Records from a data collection
○ ○ ○ ○ ○
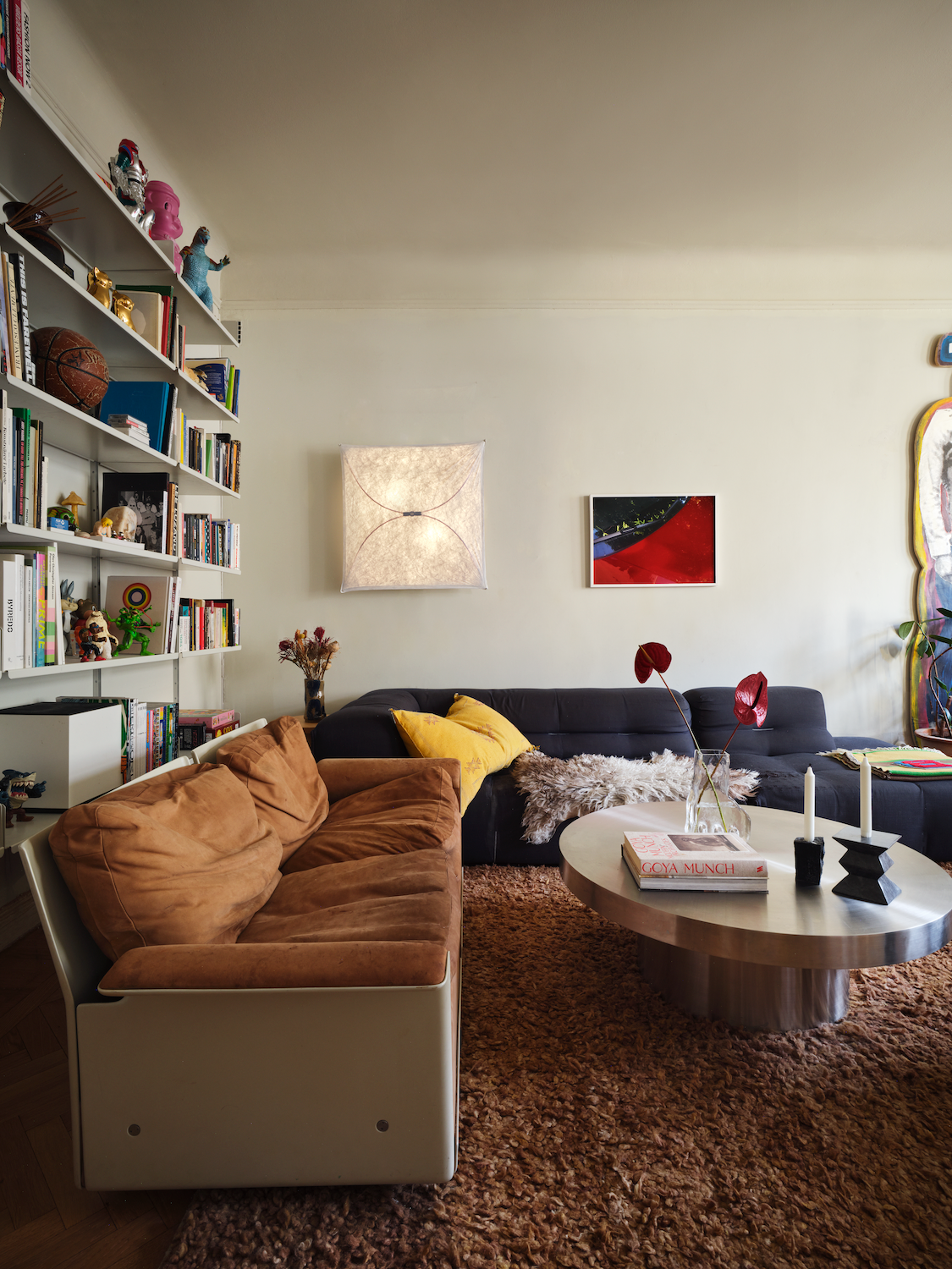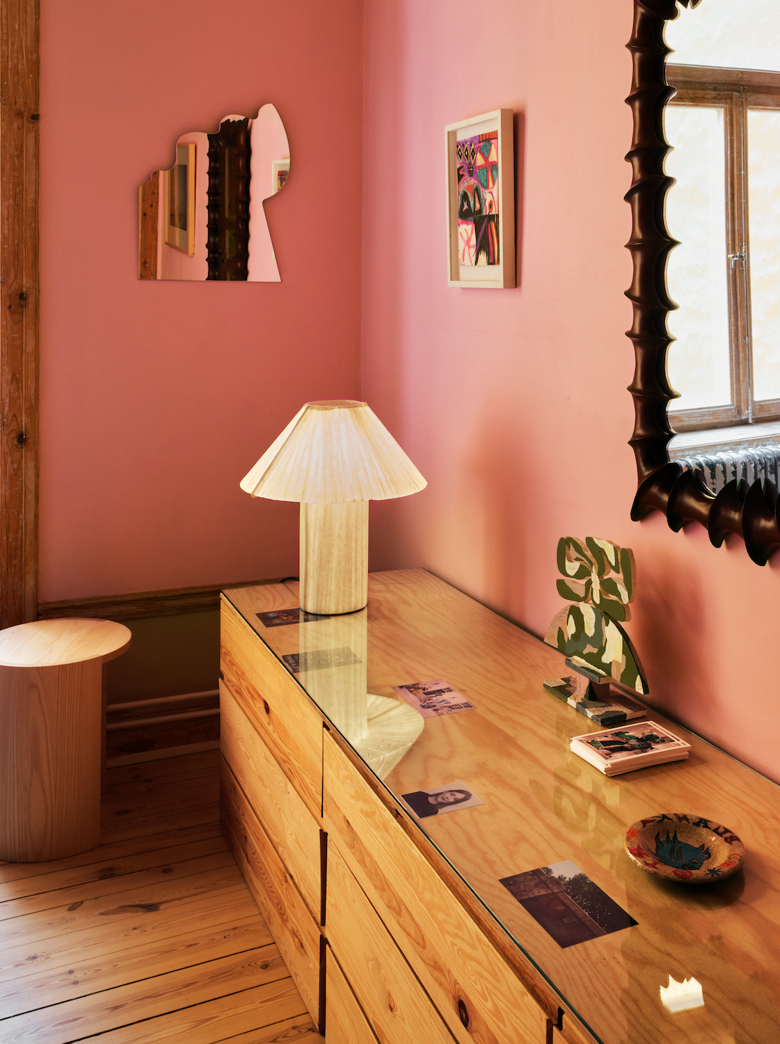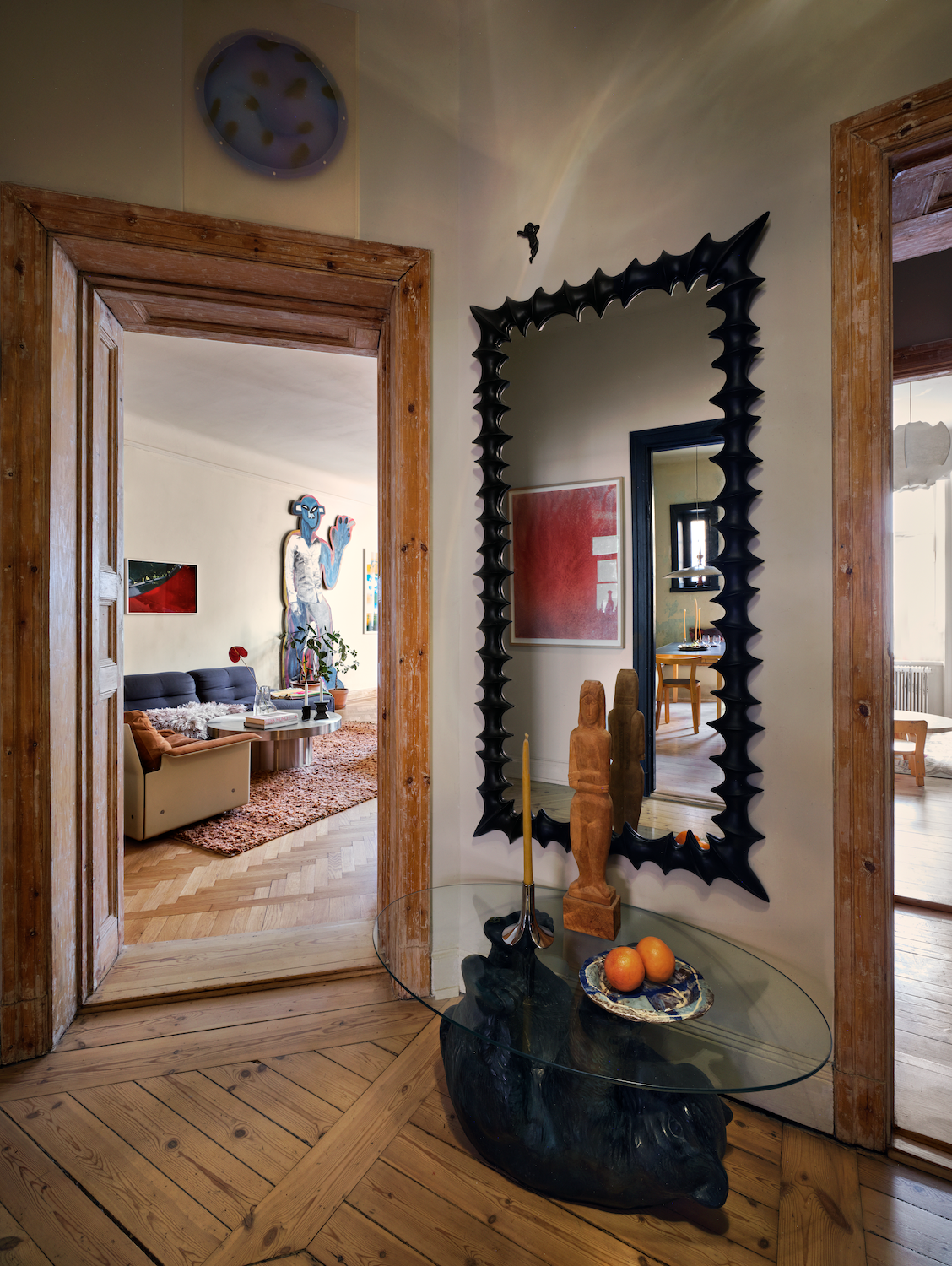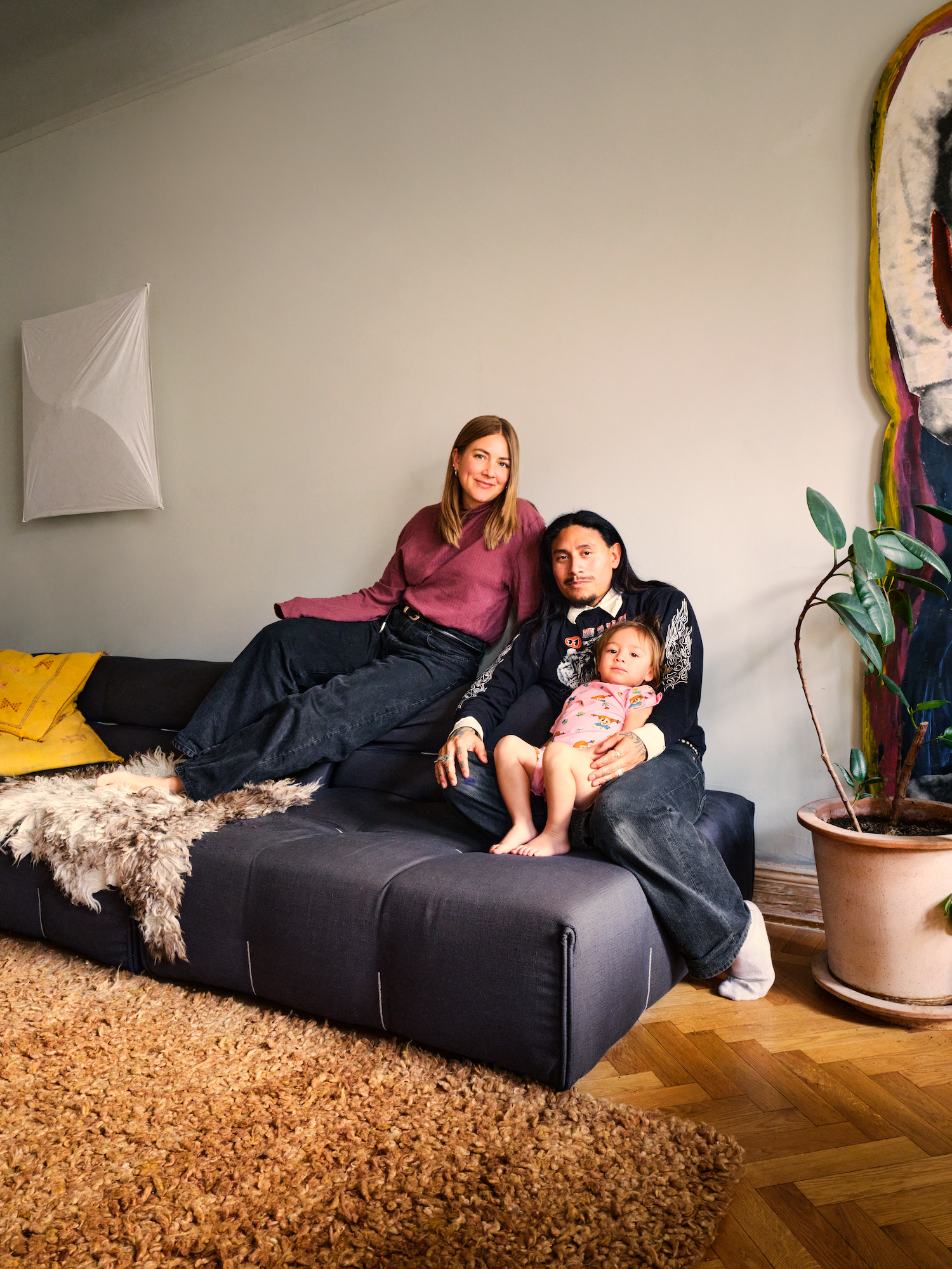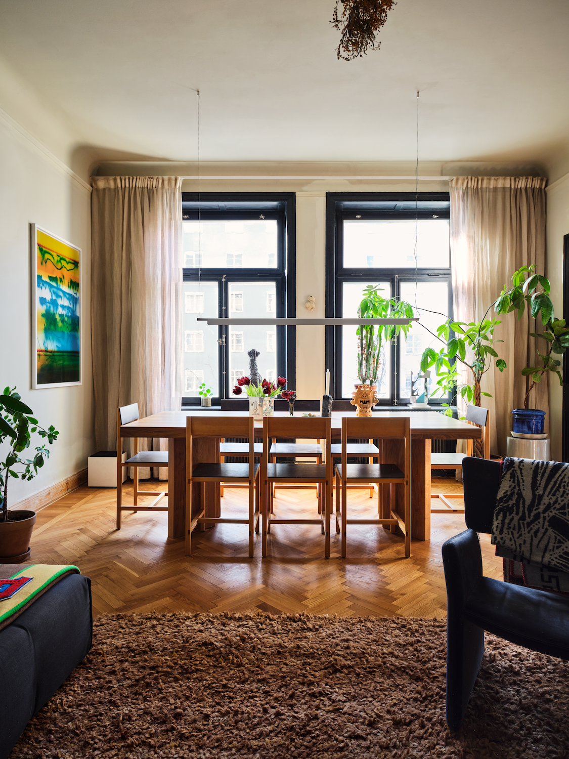 Konstnären Hank Grüner, känd för sitt uttrycksfulla visuella språk och sina samarbeten inom mode och design, delar sitt hem med Hedvig. Tillsammans har de skapat en plats där konst, hantverk och vardagsliv existerar sida vid sida.
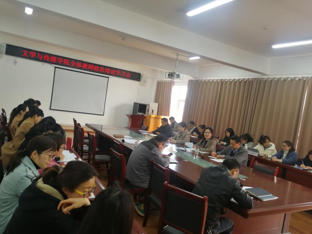 3月24日,文学与传媒学院召开全体教师政治理论学习会,党委书记李月云、院长蒋宗霞、副书记王绍卫、副院长张德岁及全体教师参会,会议由李月云主持。
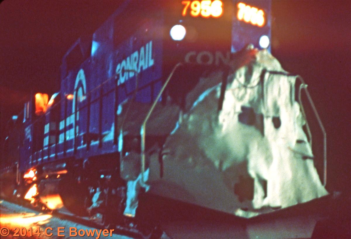 Being a lot younger, I went out later that evening and saw the first snow plow I had ever seen working through here. I heard on the radio they were going to stop in Enon Valley for a supper break so I got these rather poor pictures while the plow and locomotive were sitting.
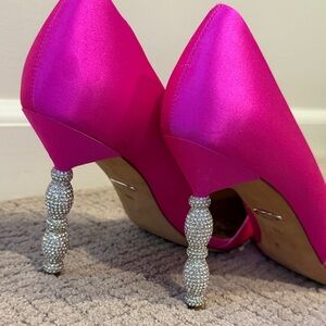 Chic pink heels with dazzling crystal detail. Perfect for a bold fashion statement.
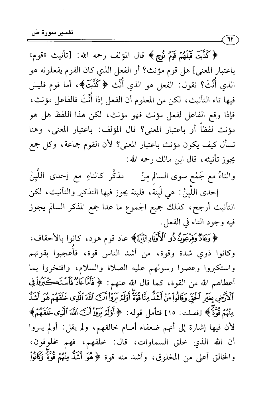 {كَذَّبَتْ قَبْلَهُمْ قَوْمُ نُوحٍ} قال المؤلف رحمه الله: [تأنيث "قوم" باعتبار المعنى] هل قوم مؤنث؟ أو الفعل الذي كان القوم يفعلونه هو الذي أُنِّث؟ نقول: الفعل هو الذي أُنِّث {كَذَّبَتْ}، أما قوم فليس فيها تاء التأنيث، لكن من المعلوم أن الفعل إذا أُنِّثَ فالفاعل مؤنث، فإذا وقع الفاعل لفعل مؤنث فهو مؤنث، لكن هذا اللفظ هل هو مؤنث لفظًا أو باعتبار المعنى؟ قال المؤلف: باعتبار المعنى، وهنا نسأل كيف يكون مؤنث باعتبار المعنى؟ لأن القوم جماعة، وكل جمع يجوز تأنيثه، قال ابن مالك رحمه الله:
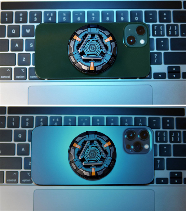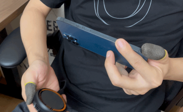 我个人平时玩游戏是使用 iPhone 12 ProMax,如果是使用小尺寸的 iPhone 12、13也完全不用担心会影响手感,因为散热器本身尺寸就小,而且磁吸在正中央,背后的手部空间还是足够的。
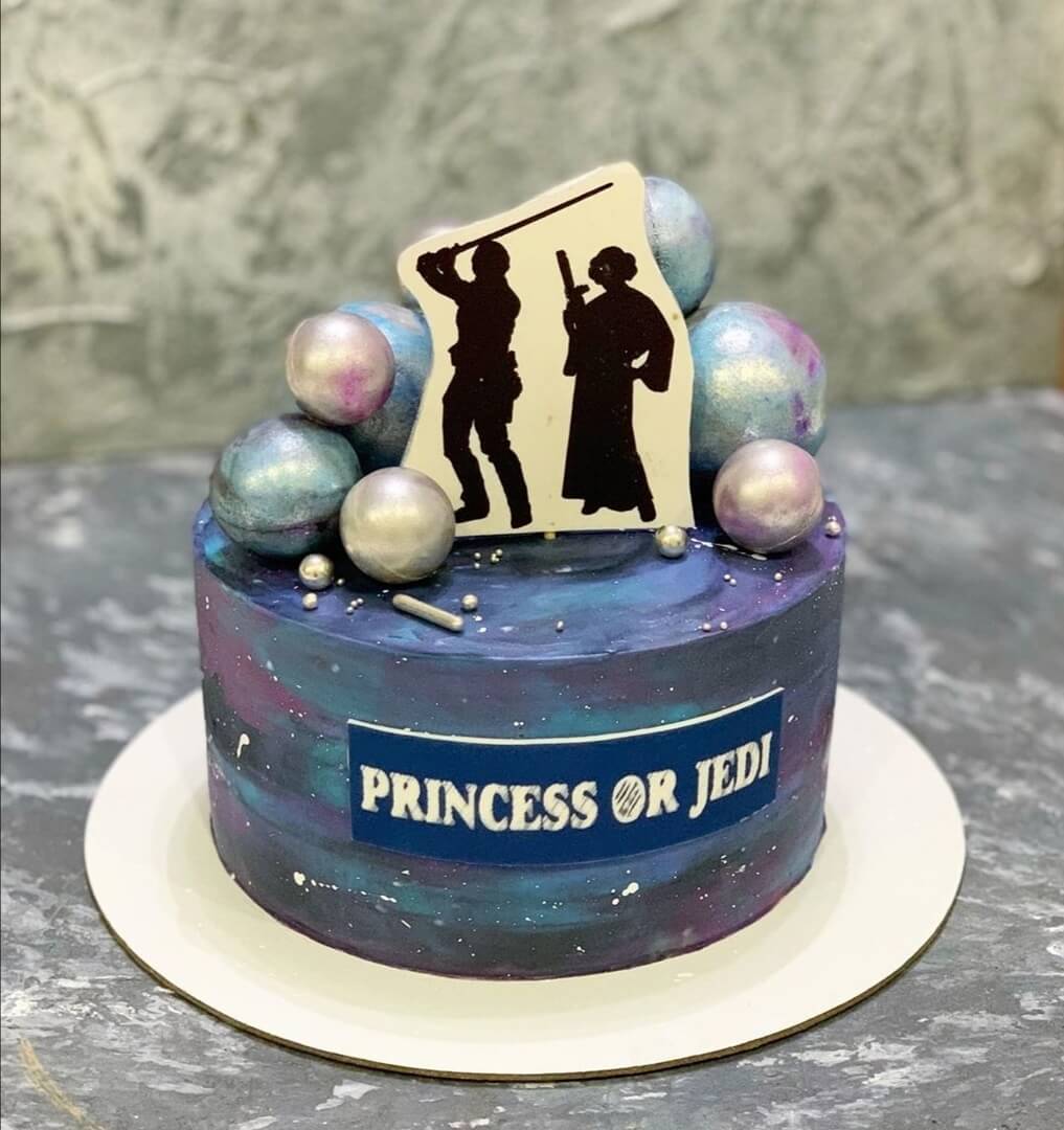 Гендерный торт на определение пола будущего ребенка в стиле звездных войн с культовыми персонажами ЗВ - Люком и Леей.
○ ○ ○ ○ ○
What to produce — Take the line containing "قال المؤلف رحمه" as the first and the last line of the records as the end. Print every line in that span exactly, leaving out pictures.

Answer space —
 {كَذَّبَتْ قَبْلَهُمْ قَوْمُ نُوحٍ} قال المؤلف رحمه الله: [تأنيث "قوم" باعتبار المعنى] هل قوم مؤنث؟ أو الفعل الذي كان القوم يفعلونه هو الذي أُنِّث؟ نقول: الفعل هو الذي أُنِّث {كَذَّبَتْ}، أما قوم فليس فيها تاء التأنيث، لكن من المعلوم أن الفعل إذا أُنِّثَ فالفاعل مؤنث، فإذا وقع الفاعل لفعل مؤنث فهو مؤنث، لكن هذا اللفظ هل هو مؤنث لفظًا أو باعتبار المعنى؟ قال المؤلف: باعتبار المعنى، وهنا نسأل كيف يكون مؤنث باعتبار المعنى؟ لأن القوم جماعة، وكل جمع يجوز تأنيثه، قال ابن مالك رحمه الله:
 我个人平时玩游戏是使用 iPhone 12 ProMax,如果是使用小尺寸的 iPhone 12、13也完全不用担心会影响手感,因为散热器本身尺寸就小,而且磁吸在正中央,背后的手部空间还是足够的。
 Гендерный торт на определение пола будущего ребенка в стиле звездных войн с культовыми персонажами ЗВ - Люком и Леей.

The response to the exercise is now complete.